Students had strong reactions to the speakers.

“Seeing those mothers in pain made me realize how our actions affect other people. And we all have mothers, so that’s powerful,” said junior Paige Lendrum. “I am 17 right now and the speaker hit by the drunk driver was only 19. It made me think of everything in my life being taken away from me in two years and that’s really scary.”

Sophomore Andre Jabbour said the assembly was an important “reality check.”

“Drugs are not an option for me, and my family is really serious about never drinking and driving,” Andre said. “I already have my mind set not to do drugs, but I see other students who are still considering their choice so this was really good for them to see what can happen with the wrong choice.”

Teacher Catherine Mintz said she brings her students to this “critical” Red Ribbon assembly each year but believes this year was one of the most powerful.

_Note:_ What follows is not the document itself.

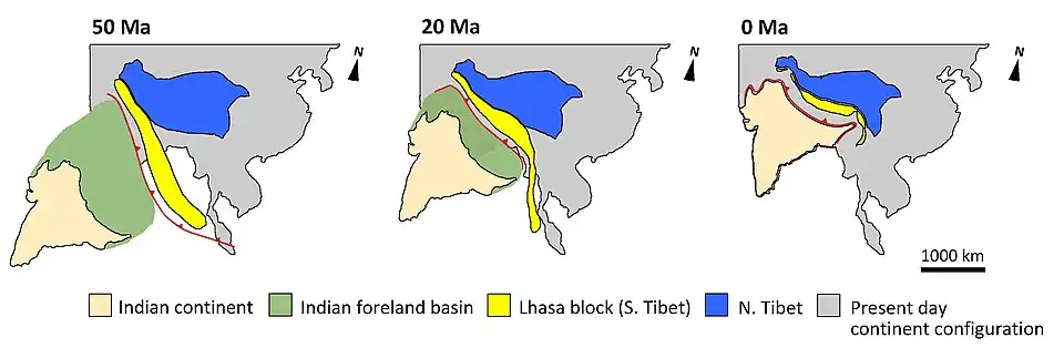 By the time when the Indian continent and the Asian continent collided, South Tibet has already reached 3–4 km elevation.[29][30][31][33] The compressional force resulted from the Indian-Asian collision further topped up Lhasa block's elevation and triggered crustal thickening in the North Tibet as the Indian continent proceed northwards.

“This year, you could hear a pin drop in the gym filled with 1,500 students. I did not see a single student on their phone as our guest speakers told their intimate stories of loss and suffering due to the consequences of drug and alcohol abuse,” Mintz said.

In 2009, one of Mintz’s senior students, Alex Capozza, was killed trying to do the right thing. After drinking at a party, he tried to get a safe ride home and was killed as the passenger of the drunk driver who gave him a ride. She said she pointed out the seat Alex sat in her classroom to her students after the assembly.

“Eight years later, I can still see Alex sitting there in that seat,” Mintz said. “If only one student in the sea of 1,500 makes a better choice after hearing the heartbreak, sorrow and anguish of the speakers who shared, that hour is well worth it.”